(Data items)
════════
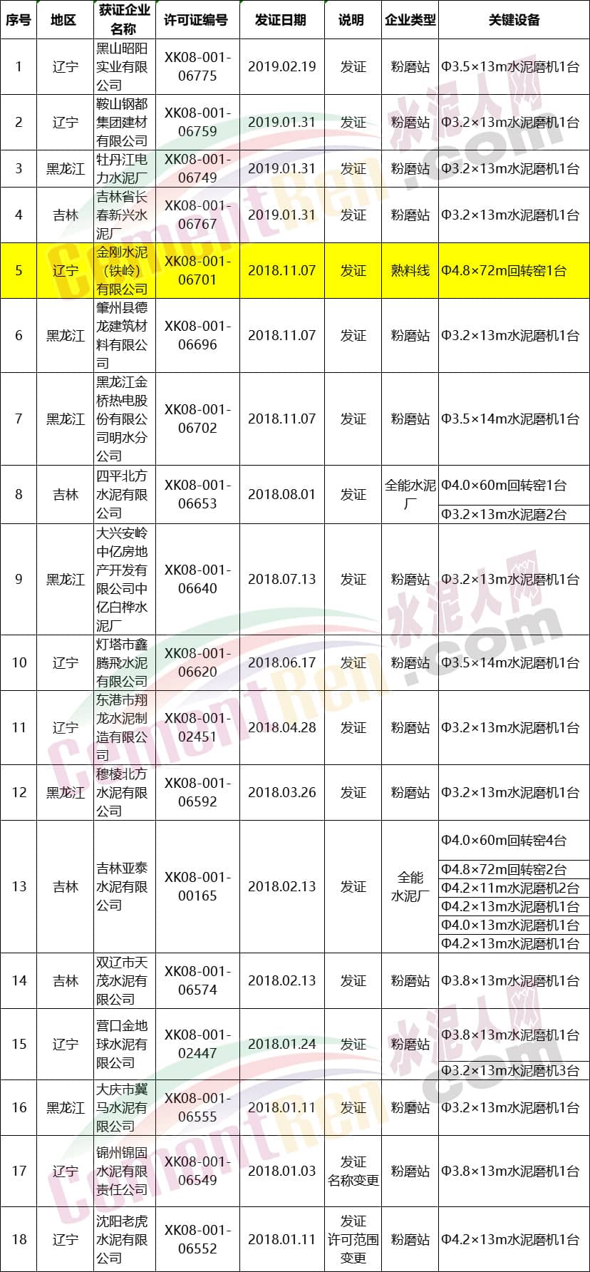 據(jù)查詢,遼寧,吉林,黑龍江從2018年1月至今一共新領(lǐng)生產(chǎn)許可證18個編號。其中除吉林亞泰水泥有限公司外和金剛水泥(鐵嶺)有限公司關(guān)鍵設(shè)備包含回轉(zhuǎn)窯設(shè)備,其余全部為水泥磨機。按照2018年1月1日起開始施行的《水泥玻璃行業(yè)產(chǎn)能置換實施辦法》計算金剛水泥(鐵嶺)有限公司Φ4.8×72m回轉(zhuǎn)窯設(shè)計產(chǎn)能為5000t/d熟料生產(chǎn)線。
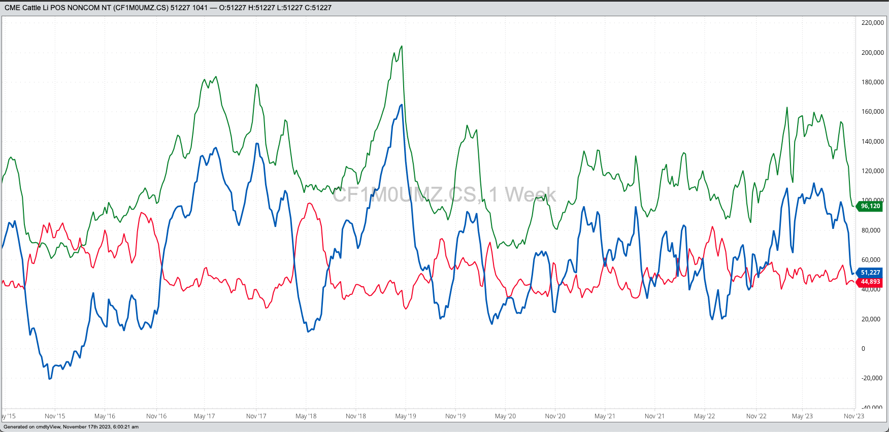 What happens next? When a market has funds going one way and fundamentals going another, it’s called a Rubber Band Disposition. Like a rubber band that is being stretched, the market will eventually snap and return to its base, with that base being fundamentals. In the case of live cattle, with fundamentals bullish and funds less so, the most likely way this plays out is for the noncommercial traders to start buying again. Is there an outside chance market fundamentals could turn bearish and follow funds? Yes, nothing is impossible. We’ve all learned that by now.Â
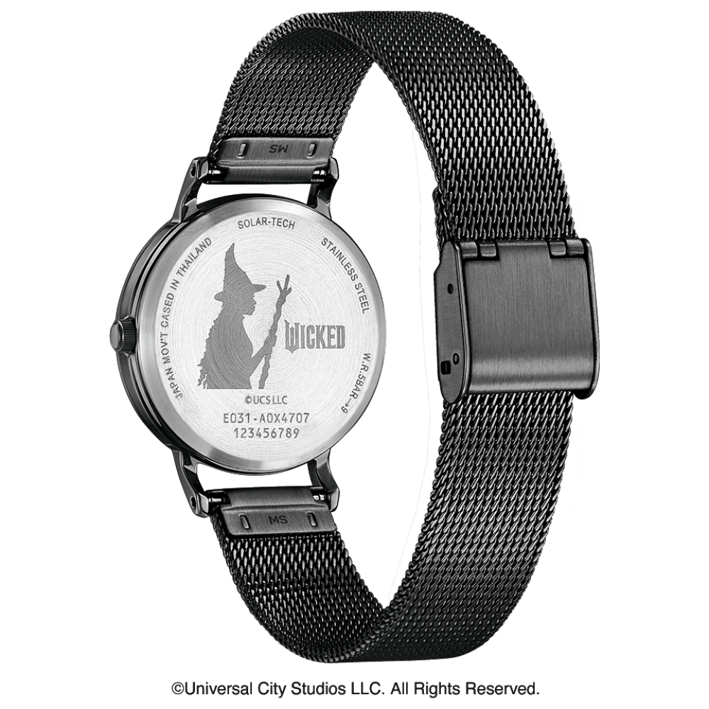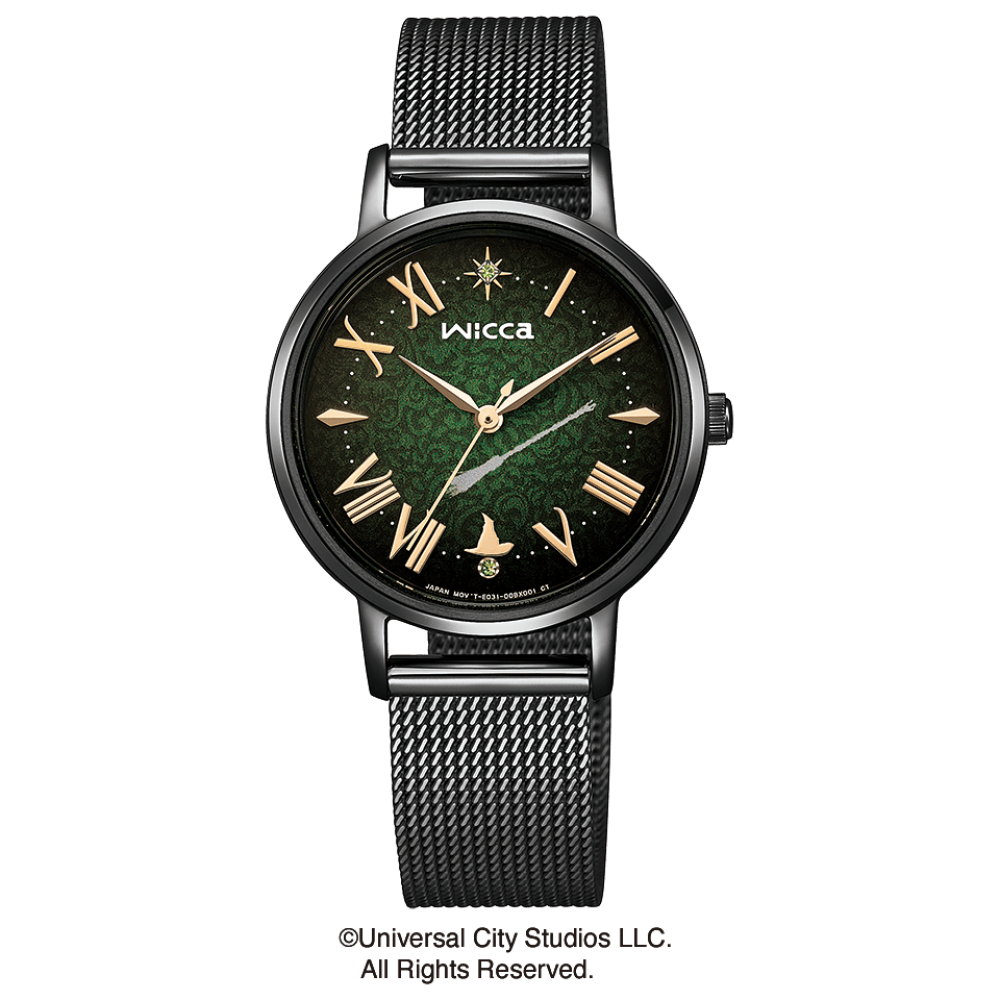 Citizen Wicca Limited Edition KP5-140-41 - ladies watch produced by Citizen. It is equipped with Japanese solar quartz movement and E031 calibre. Stainless steel, hard coating case of round shape. Case dimensions are 30.2 mm. in diameter and 7.5 mm. in thickness. The dial of this Citizen watch is dark green. Display type: analog. This timepiece has mineral glass. Stainless steel, hard coating band, band color: black. 50 m. water resistance. The watch is from Wicca collection. The following features are equipped: crystal set, limited edition.
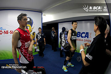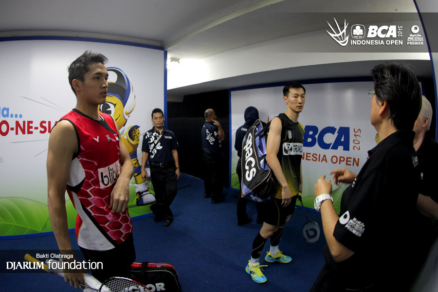 Jonatan Chistie (Indonesia) dan Lee Hyun Il (Korea) diberikan arahan oleh empire sebelum memasuki arena pertandingan.
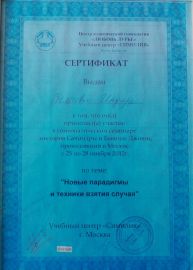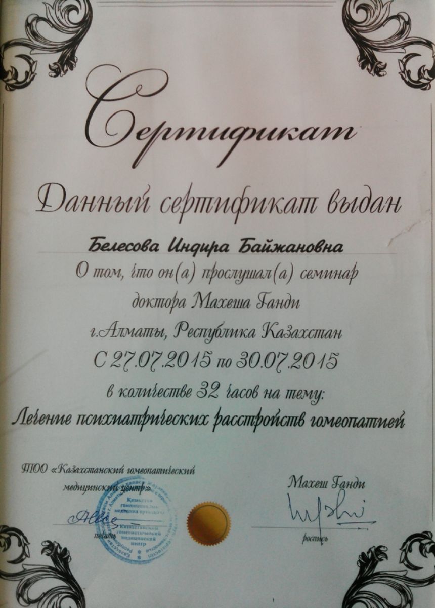 2011 ж. – дәрігер-гомеопаттар үшін классикалық гомеопатия бойынша біліктілікті арттыру (Мәскеу, РФ);
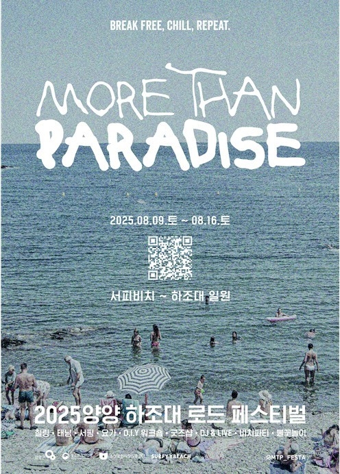 강원 양양군은 오는 9일부터 16일까지 8일간 현북면 서피비치와 하조대 일원에서 ‘2025 양양 하조대 로드 페스티벌(More than Paradise)’을 개최한다고 밝혔다. ‘BREAK FREE, CHILL, REPEAT’를 주제로 열리는 이번 축제는 지역 상점, 주민, 방문객이 함께 참여하는 로컬 기반 문화축제로, 공연을 넘어선 지역문화 플랫폼으로 주목받고 있다.
════════
▸ Problem requirements:
Without the pictures, restate each entry exactly.

▸ Exercise answer:
 據(jù)查詢,遼寧,吉林,黑龍江從2018年1月至今一共新領(lǐng)生產(chǎn)許可證18個編號。其中除吉林亞泰水泥有限公司外和金剛水泥(鐵嶺)有限公司關(guān)鍵設(shè)備包含回轉(zhuǎn)窯設(shè)備,其余全部為水泥磨機。按照2018年1月1日起開始施行的《水泥玻璃行業(yè)產(chǎn)能置換實施辦法》計算金剛水泥(鐵嶺)有限公司Φ4.8×72m回轉(zhuǎn)窯設(shè)計產(chǎn)能為5000t/d熟料生產(chǎn)線。
 What happens next? When a market has funds going one way and fundamentals going another, it’s called a Rubber Band Disposition. Like a rubber band that is being stretched, the market will eventually snap and return to its base, with that base being fundamentals. In the case of live cattle, with fundamentals bullish and funds less so, the most likely way this plays out is for the noncommercial traders to start buying again. Is there an outside chance market fundamentals could turn bearish and follow funds? Yes, nothing is impossible. We’ve all learned that by now.Â
 Citizen Wicca Limited Edition KP5-140-41 - ladies watch produced by Citizen. It is equipped with Japanese solar quartz movement and E031 calibre. Stainless steel, hard coating case of round shape. Case dimensions are 30.2 mm. in diameter and 7.5 mm. in thickness. The dial of this Citizen watch is dark green. Display type: analog. This timepiece has mineral glass. Stainless steel, hard coating band, band color: black. 50 m. water resistance. The watch is from Wicca collection. The following features are equipped: crystal set, limited edition.
 Jonatan Chistie (Indonesia) dan Lee Hyun Il (Korea) diberikan arahan oleh empire sebelum memasuki arena pertandingan.
 2011 ж. – дәрігер-гомеопаттар үшін классикалық гомеопатия бойынша біліктілікті арттыру (Мәскеу, РФ);
 강원 양양군은 오는 9일부터 16일까지 8일간 현북면 서피비치와 하조대 일원에서 ‘2025 양양 하조대 로드 페스티벌(More than Paradise)’을 개최한다고 밝혔다. ‘BREAK FREE, CHILL, REPEAT’를 주제로 열리는 이번 축제는 지역 상점, 주민, 방문객이 함께 참여하는 로컬 기반 문화축제로, 공연을 넘어선 지역문화 플랫폼으로 주목받고 있다.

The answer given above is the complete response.